Work instructions :: Could you restate word for word every line from the one containing "De Sussi is" to the end of the data below, pictures excluded?

··········

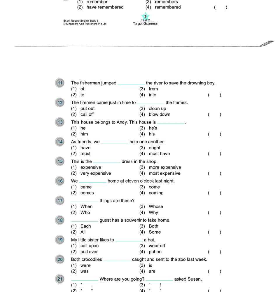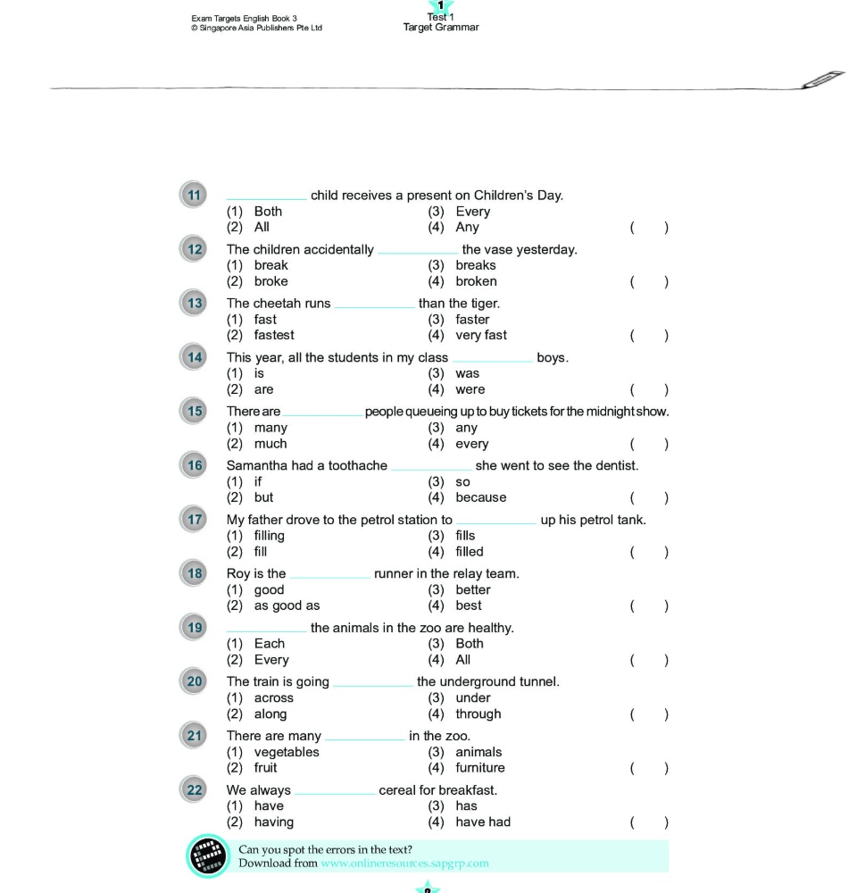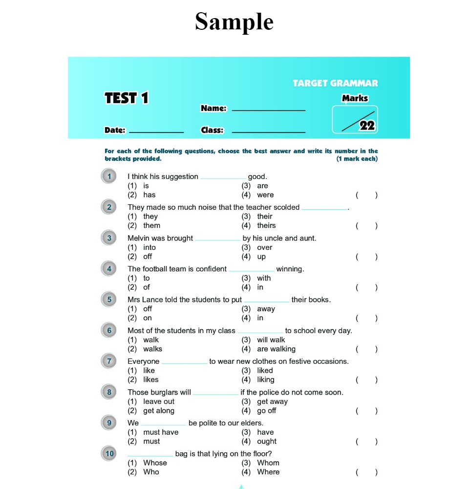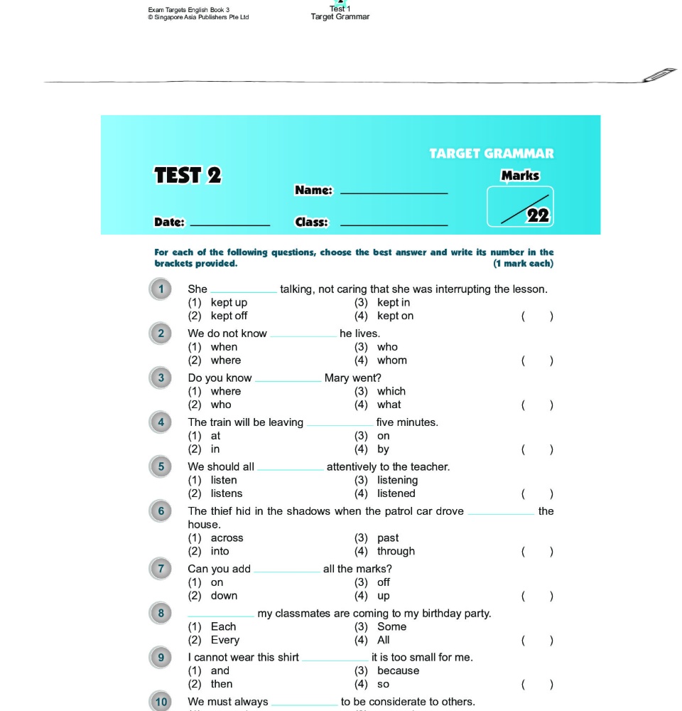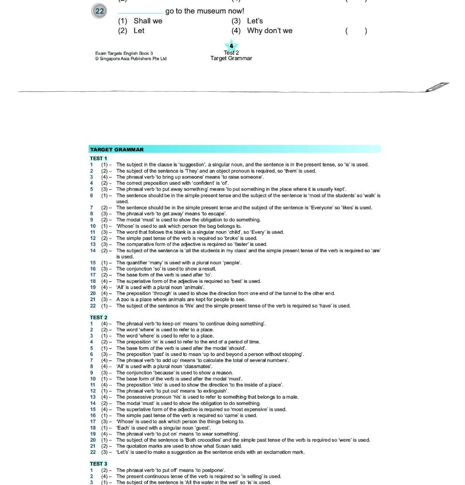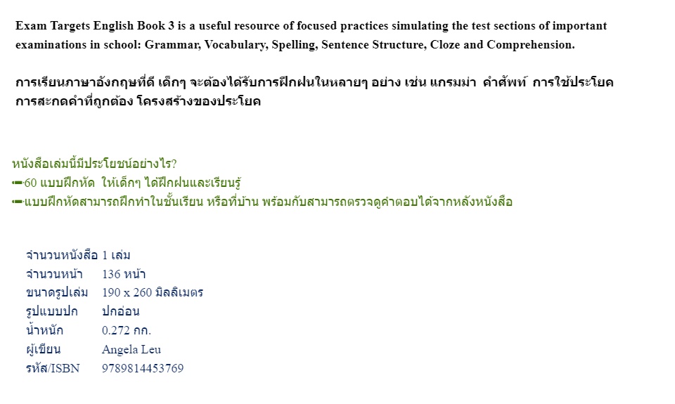 Exam Targets English Book เป็นหนังสือที่รวบรวมแบบฝึกหัดการใช้ Grammar, Vocabulary, Spelling, Sentence Structure, Cloze, Comprehension
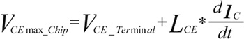 電感LCE對(duì)IGBT關(guān)斷時(shí)產(chǎn)生的過電壓來說是一個(gè)重要的參數(shù),如以下公式所示:
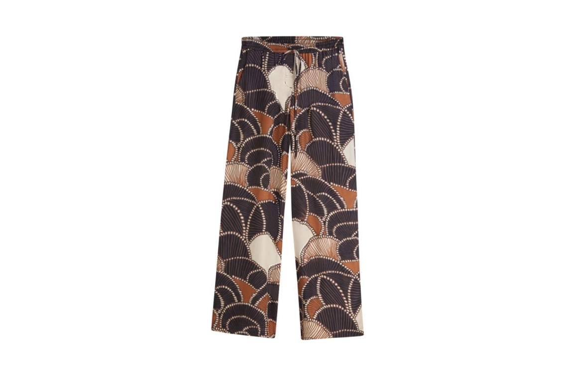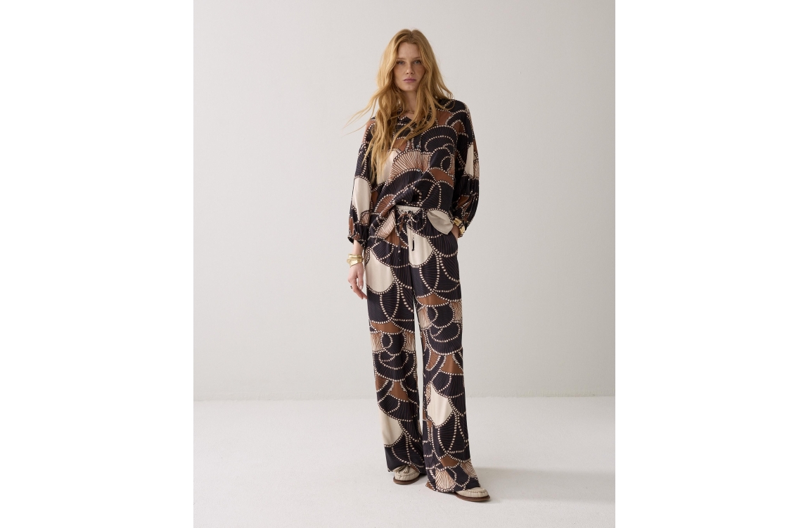 Summum Woman trousers all over twill satin 4s2964-12387. Dit wijde model is voorzien van wijde pijpen, sluit door middel van een elastische tailleband met koordsluiting en heeft twee steekzakken. Deze bruine/zwarte broek van Summum is uitgevoerd in een soepele satijntwill met een lichte glans.
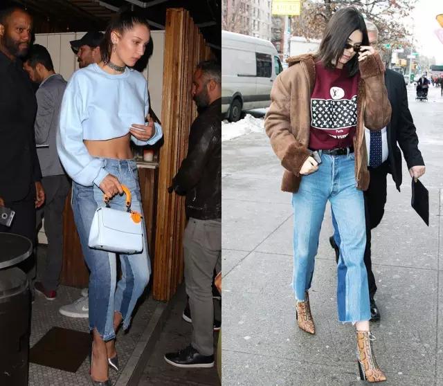 Bella Hadid身上这条拼贴牛仔裤就来自Re/Done。
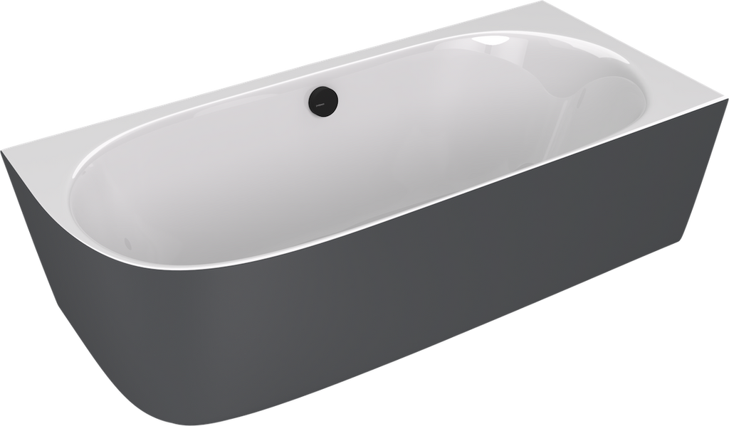 De Sussi is een vrijstaand hoekbad in Cast Marble, 160x70x50cm, rechts uitvoering in Wit/Antraciet/Mat. Het bootst de luxe marmerlook na, voelt warm aan en blijft dankzij de massieve opbouw jarenlang mooi. Let op: bij montage dient de sifon in de vloer verzonken te worden.
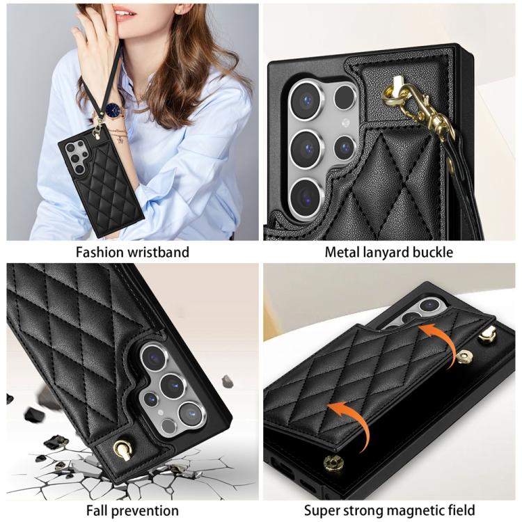 For Samsung Galaxy S25 Ultra 5G Rhombic Dual Buckle Card Slots Phone Case with Lanyard(Black)

··········

Response box ::
 De Sussi is een vrijstaand hoekbad in Cast Marble, 160x70x50cm, rechts uitvoering in Wit/Antraciet/Mat. Het bootst de luxe marmerlook na, voelt warm aan en blijft dankzij de massieve opbouw jarenlang mooi. Let op: bij montage dient de sifon in de vloer verzonken te worden.
 For Samsung Galaxy S25 Ultra 5G Rhombic Dual Buckle Card Slots Phone Case with Lanyard(Black)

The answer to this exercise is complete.